Junto con esta autorización también existe la posibilidad de solicitar una de pareja. Estas visas permiten que un solo miembro de la pareja mantenga su condición de estudiante, mientras que el otro puede dedicarse exclusivamente a trabajar.

Otra opción es la que se conoce como Work and Holiday, un acuerdo firmado entre Australia y España en 2014 por el cual se permite a jóvenes de entre 18 y 31 años visitar y buscar trabajo en Australia durante un año.

La última convocatoria del programa se abrió el 1 de julio pasado. Es recomendable solicitarlo cuanto antes, ya que, aunque este año la oferta ha aumentado de 500 a 600 visados, sigue siendo limitada. El plazo de respuesta ronda las dos semanas y a partir de la aprobación se dispone de un año para entrar en el país, aunque los 12 meses de visado no empezarán a contar hasta que no se entre en Australia por primera vez.

Para asistir durante todo este proceso a quienes decidan embarcarse en esta aventura surgió AUssieYouTOO, una agencia gratuita que asesora antes, durante y después de la llegada a Australia.

La agencia es española y se financia con una comisión que cobra a las escuelas por los alumnos que se matriculan a través de ella, pero insiste en que el precio de los cursos es exactamente el mismo que si se matricularan al margen de ella, por lo que el servicio de asesoramiento no supone ningún coste extra para el estudiante.

Estudiantes extranjeros en Australia
Estudiantes extranjeros en Australia.

Como agradecimiento, la agencia asigna a los alumnos que contratan cursos con ella un COOLaborador, alguien que ejercerá de guía de trámites durante los primeros días en el país.

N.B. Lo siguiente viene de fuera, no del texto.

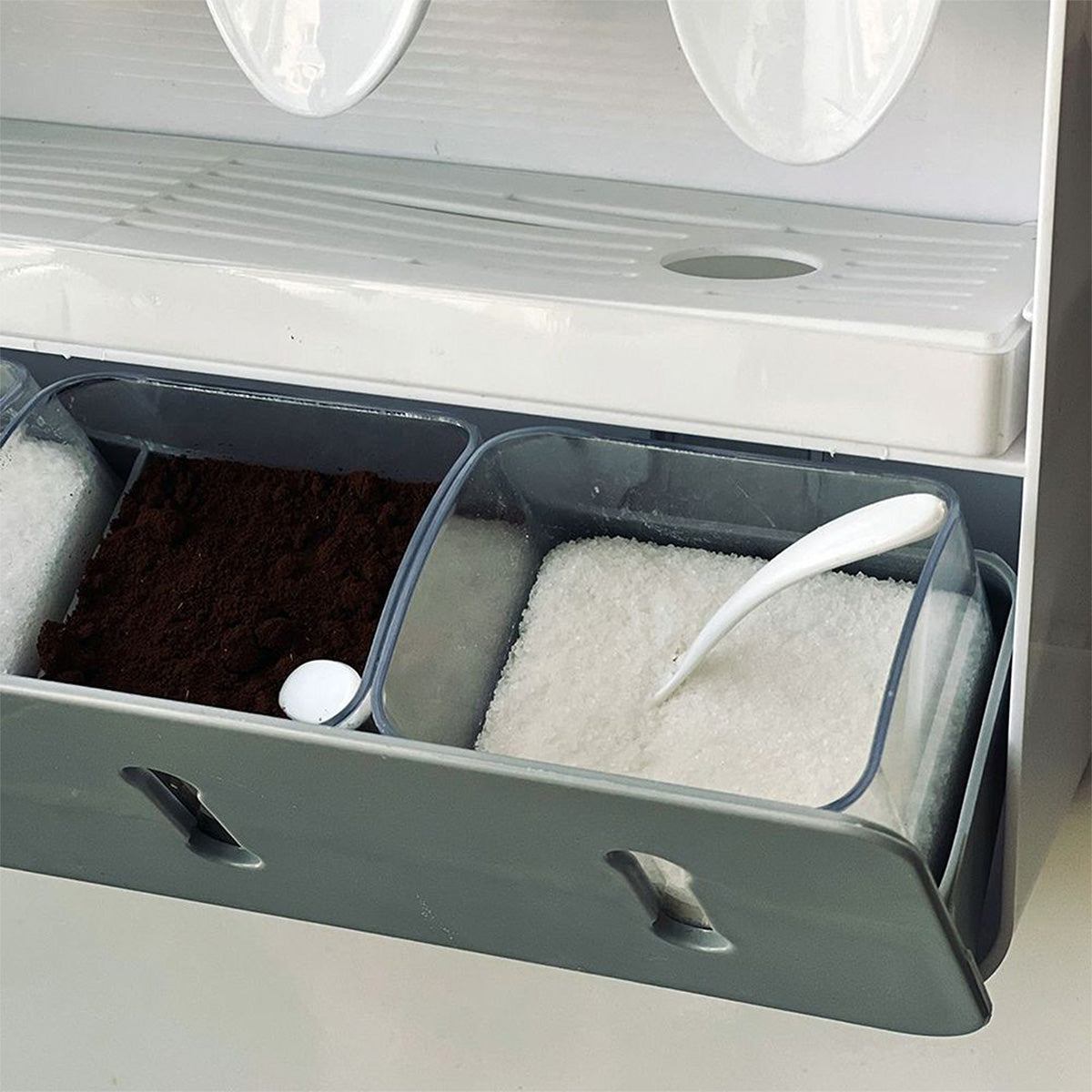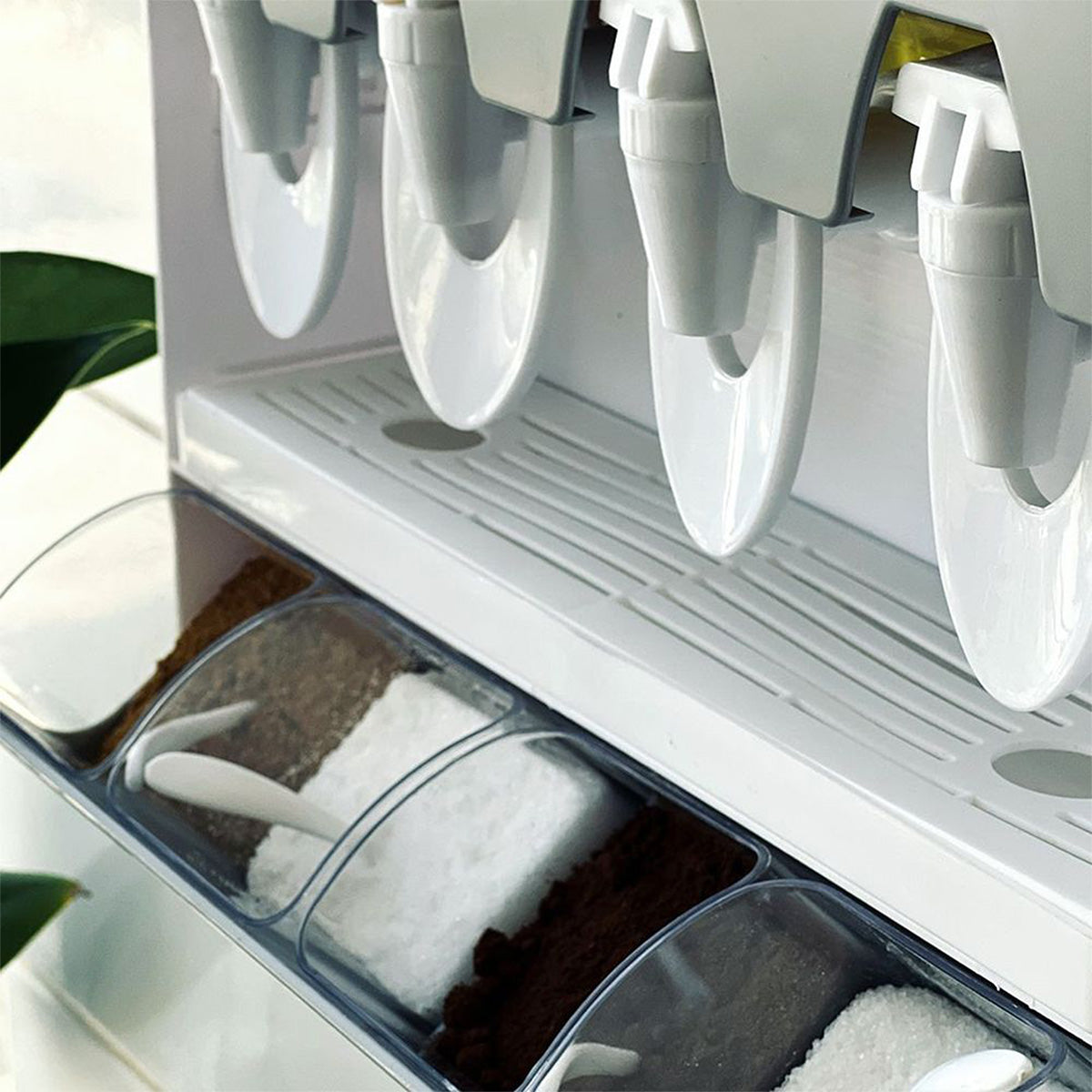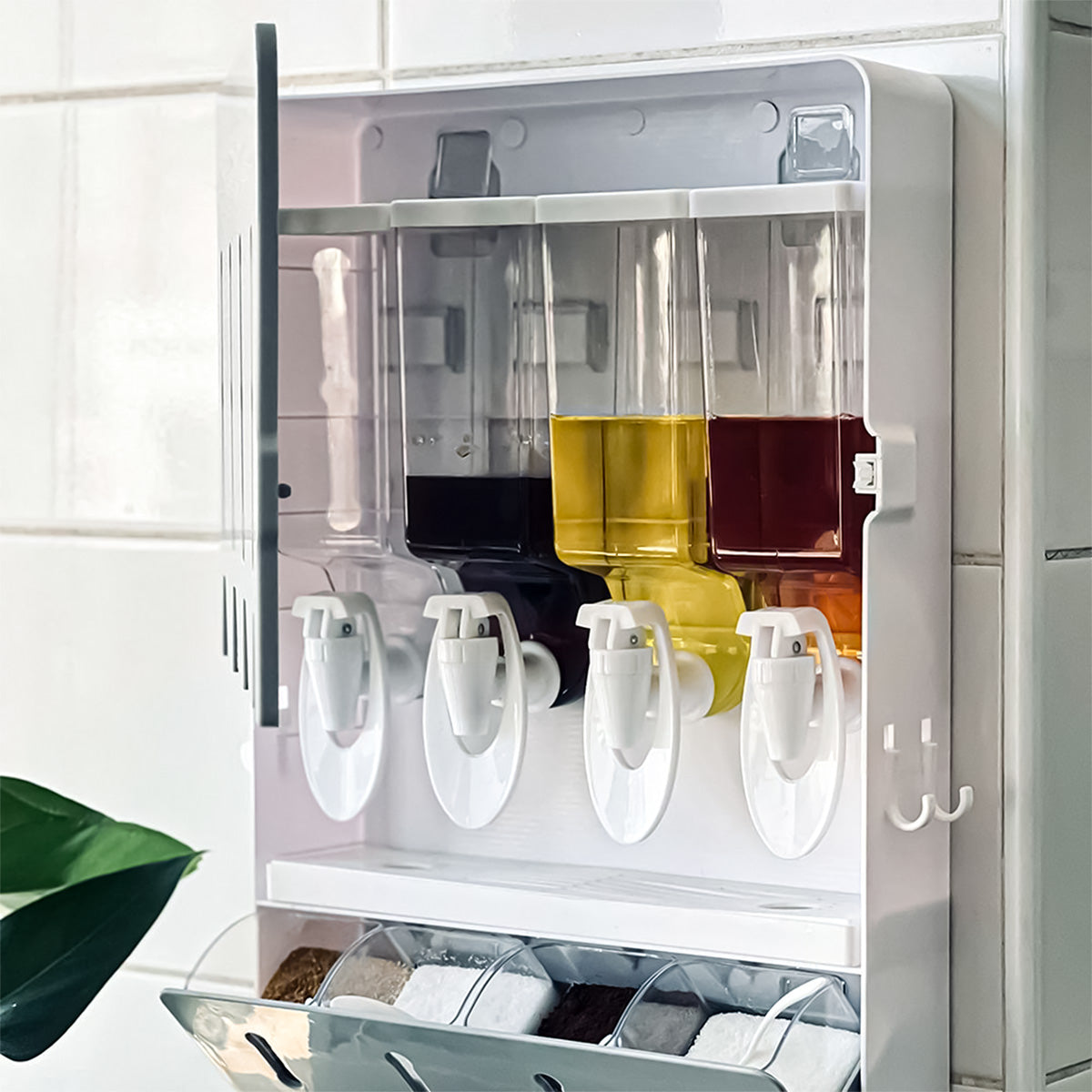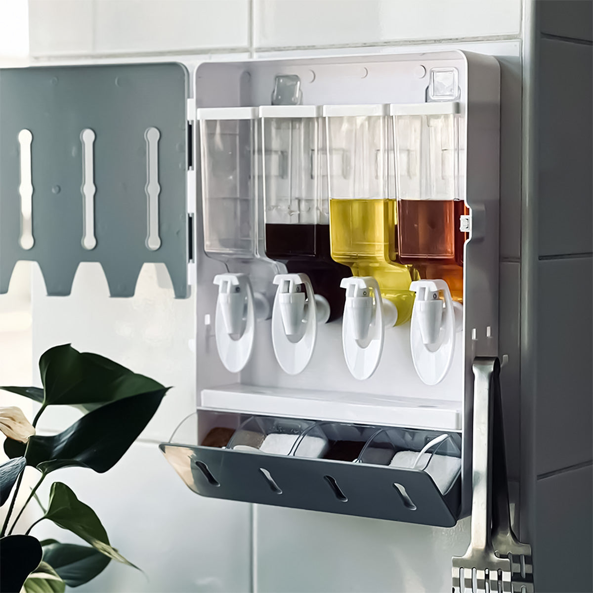 Suport condimente, Naimeed D5117, 4 dozatoare pentru sosuri/condimente, montare fara gaurire, Gri

Irene Pagalday, una estudiante de Periodismo que lleva 9 meses en Australia, admite que aunque no fue excesivamente difícil encontrar trabajo, los puestos que se ofrecen no son cualificados. Apunta que, aunque económicamente sí hay buenas oportunidades para los españoles -el salario mínimo es de 16,97 dólares australianos (unos 11,5 euros) la hora-, no ocurre lo mismo en el ámbito profesional, ya que estar allí supone hacer un tipo de trabajo distinto a aquel para el que se está formado.

Tanto De Castellar como ella coinciden en que el idioma es una barrera importante, ya que las empresas prefieren contratar a alguien que hable inglés nativo. A esta limitación se une el carácter temporal de los visados, por lo que, con frecuencia, a las compañías no les interesa formar a un trabajador. Aun así, siempre es posible que decidan respaldar el visado y que los contratados puedan alargar la estancia.

A pesar de estas dificultades, los españoles ven en Australia una buena inversión de cara a su futuro profesional. De regreso a casa, De Castellar afirma con rotundidad que su estancia allí le ha ayudado a encontrar trabajo en España, pues las empresas, ante perfiles similares, se decantan por quienes tienen buen nivel de inglés y han tenido la iniciativa de irse fuera.

De modo que, a la vuelta, las oportunidades profesionales también mejoran… ¡si es que no decide quedarse para siempre en Australia!